Because of the success of portrayal by Black actors, I came to pursue my pedantic critique, and suggest that Othello is, as the subtitle asserts, a Moor--a Muslim, and an admirable Muslim, of mixed Berber background perhaps, perhaps not. He advances sheerly on his own merits. (Ah ha! Sounds possibly "American," or at least un-Jacobean!)
Meanwhile, Iago is a friendly, confidential type--like John-Boy Walton (actor Richard Thomas). Directors err to make Iago evil-seeming so we don't credit his wise words. Most of Sh's villains speak very well (say, R3, or Goneril and Regan, Edmund). In Iago's case, Othello, who is no fool, sees him as "honest Iago." Many criminals seem trustworthy, including serial rapists and murderers. They draw victims into their confidences. Iago does. If Iago appears evil, Othello appears a fool. He is not..

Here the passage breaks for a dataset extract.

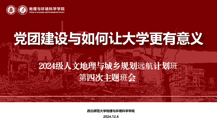 为引导新时代老员工坚定信念、立报国强国大志向、做挺膺担当奋斗者,根据公司《关于进一步加强班主任队伍建设“远航计划”工作的通知》,2024年12月6日下午,2024级人文地理与城乡规划“远航计划”班召开第四次主题班会,公司副书记、副经理、导航班主任谢文涛,护航班主任王祥及全体同学参加此次班会。

Ohello is a military man. (The curse of our American posture after WWII.) Although early in the play he disdains to draw his weapon against an amateur militia, later on his naivete leads him to retreat to his weapon as symbol of the strength he may no longer possess--shades of the NRA.
He and Desdemona are pursued by the Venetian Renaissance NRA, Brabantio's "consorteria": When B says, "Call up my Kinsmen," he's summoning his militia--common throughout Italy in the tower societies. He is tried at a crisis point in the Republic, when they need his services more than ever, but Desdemona's testimony frees him.
These are just surmises. That's why I call Malvolio the Bard's only American, though possibly also...the Muslim-American married to the White lady?
The only article I have published on Othello was in my youth, on tone of voice in Othello, especially the variety of "O's." This was in California English, in the 70s.